The solution of a stochastic optimal control problem may be associated with that of the Hamilton–Jacobi–Bellman (HJB) equation, which is a second order partial differential equation subject to a terminal condition. When this equation is semilinear and satisfies certain other constraints, it can be solved via a nonlinear version of the Feynman–Kac formula. According to this approach, the solution to the HJB equation can be obtained by simulating an associated pair of partly coupled forward–backward stochastic differential equations.
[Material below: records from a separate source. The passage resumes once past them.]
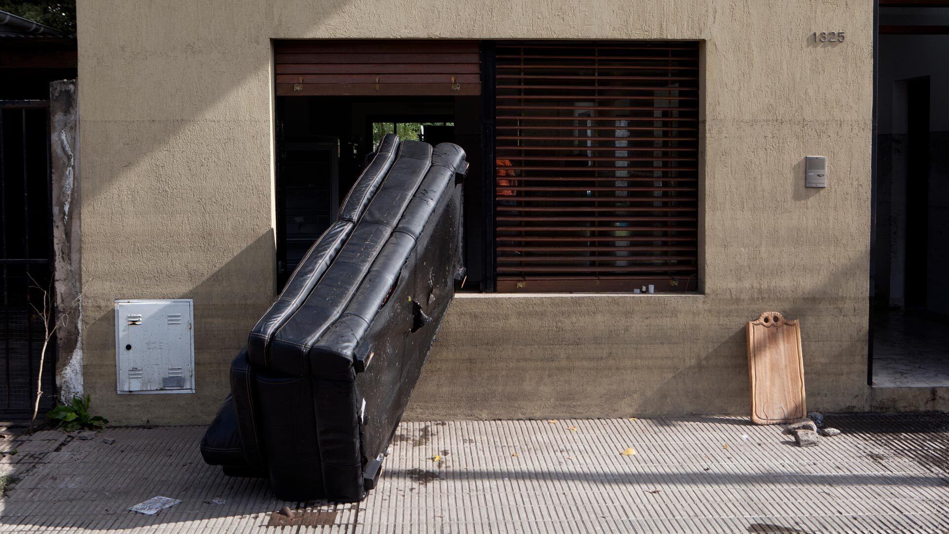 Terminan de sacar los pedazos del ropero. Después arrastran a la vereda una mesa de televisor reventada por la humedad. Y tres estantes, una mesa de computadora y una biblioteca. Todo de melamina.
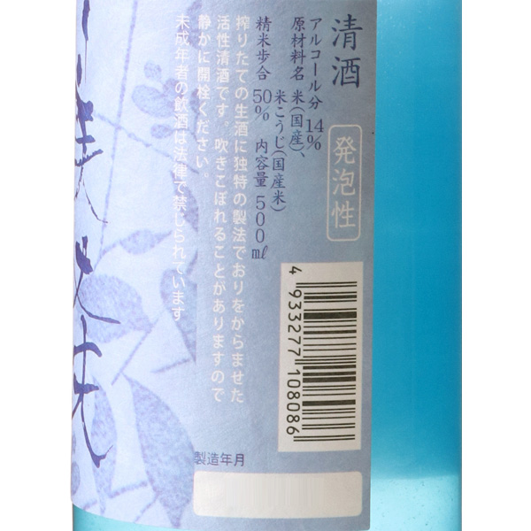 うすにごりは、搾りたての純米吟醸を独自の製法で瓶内発酵させたシャンパンタイプの微発泡酒です。青りんごのようなすっきりした、爽やかな風味です。注意事項
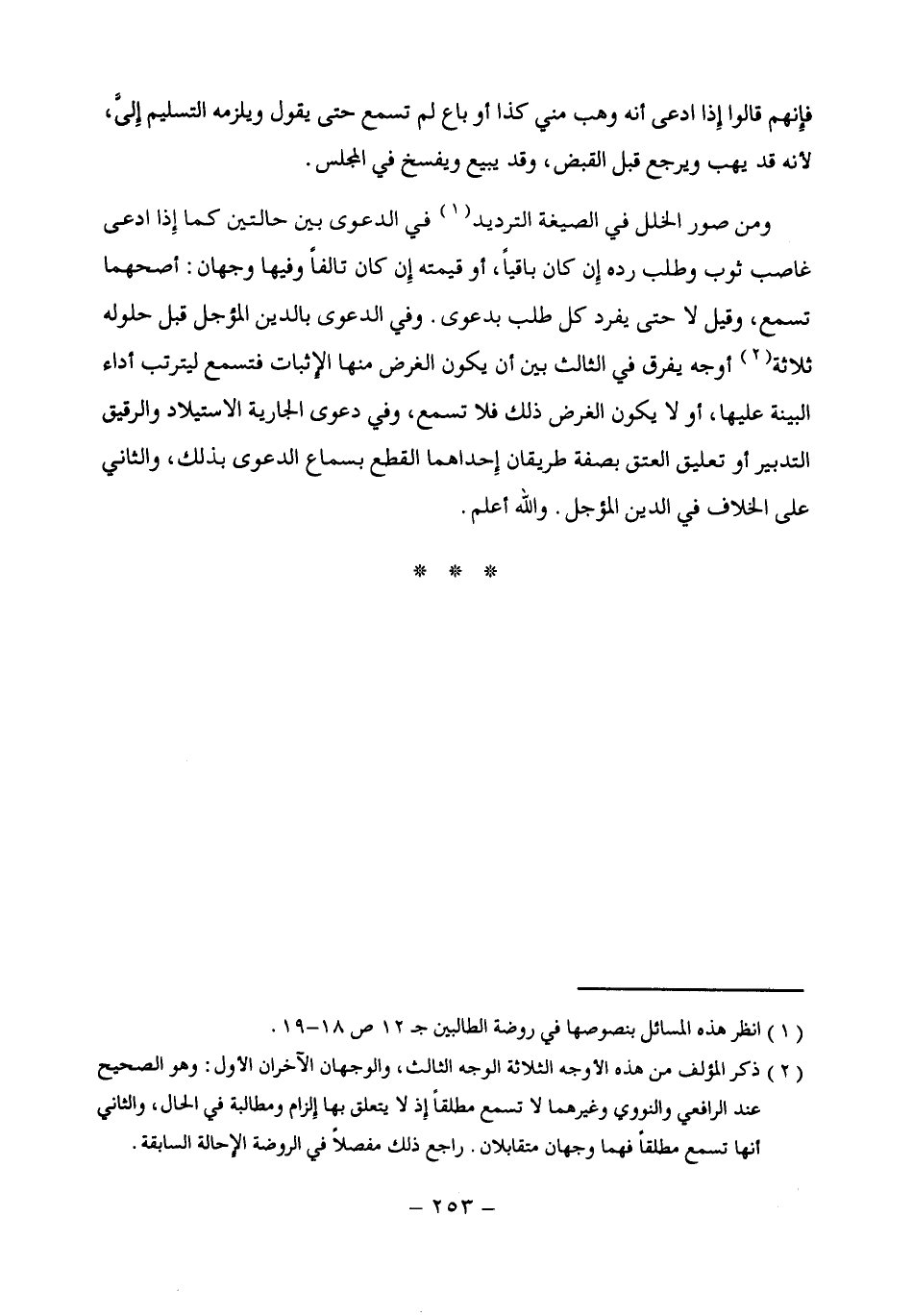 (¬1) انظر هذه المسائل بنصوصها في روضة الطالبين جـ 12 ص 18 - 19.
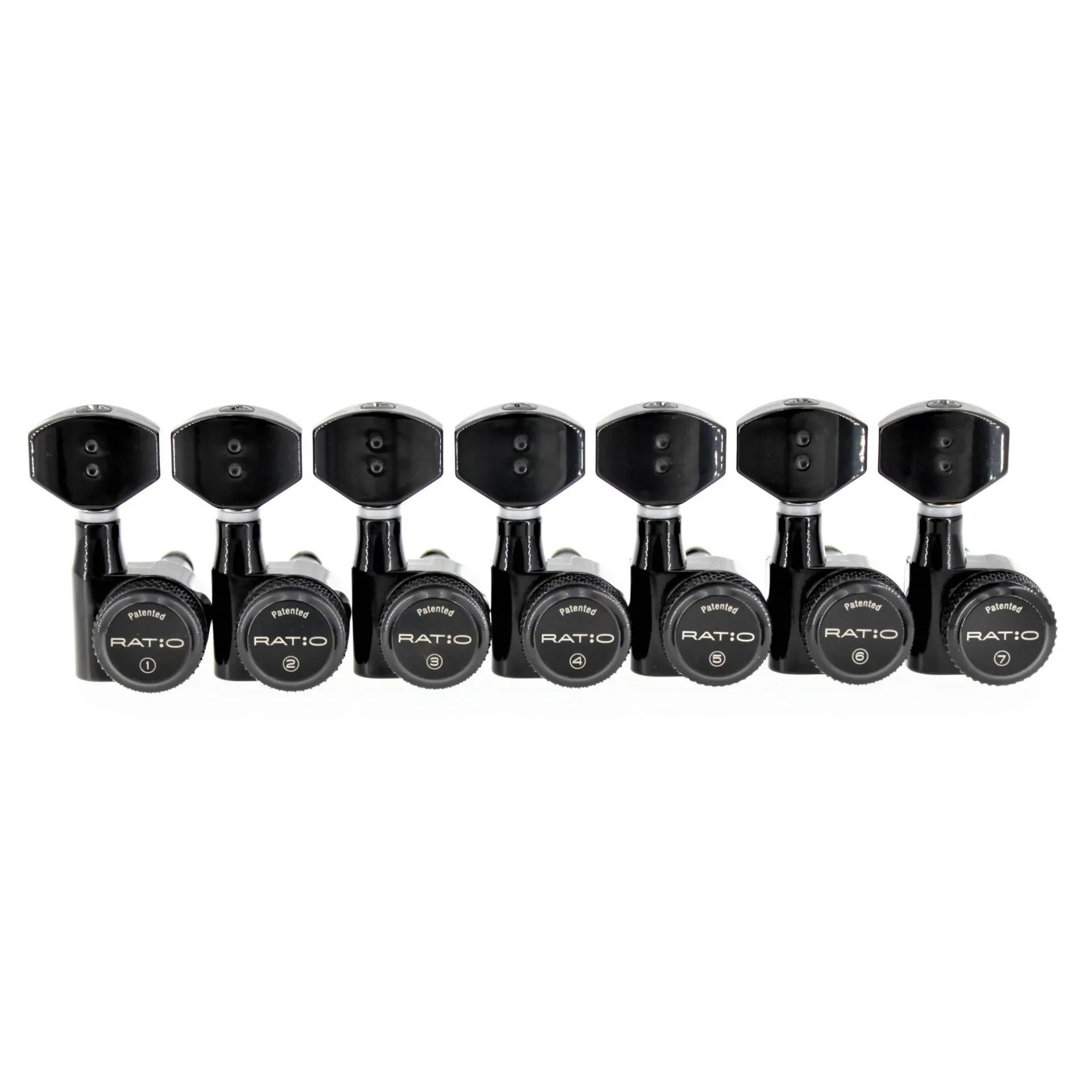 De Graph Tech PRL-8721-B7 Ratio Electric Locking Machine Heads zijn ontworpen voor 7-snarige elektrische gitaren met een 7-in-line configuratie aan de basszijde (links). Elk van de stemmechanismen heeft een uniek overbrengingsratio, waardoor het stemproces voor elke snaar sneller en preciezer wordt. De mini contemporary knoppen bieden een modern design, terwijl het vergrendelmechanisme met een duimwieltje de snaren stevig op hun plek houdt. De machine heads zijn makkelijk te installeren met de meegeleverde InvisoMatch montageplaten die compatibel zijn met bestaande schroefgaten.

Although an elegant way to interpret and solve a partial differential equation, simulating the system of forward–backward equations can be computationally inefficient. In this work, the HJB equation pertaining to the optimal control problem is reformulated such that instead of the given terminal condition, it is now subject to an appropriate initial condition. In the process, while the total cost associated with the control problem remains unchanged, pathwise solutions may not. Associated with the new partial differential equation, we then derive a set of stochastic differential equations whose solutions move only forward in time. This approach has a significant computational advantage over the original formulation. Moreover, since the forward–backward approach generally requires simulating stochastic differential equations over the current to the terminal time at every step, the integration errors may accumulate and carry forward in estimating the control. This error is particularly high initially since the time of integration is the longest there. The proposed method, numerically implemented for the control of stochastically excited oscillators, is free of such errors and hence more robust. Unsurprisingly, it also exhibits lower sampling variance.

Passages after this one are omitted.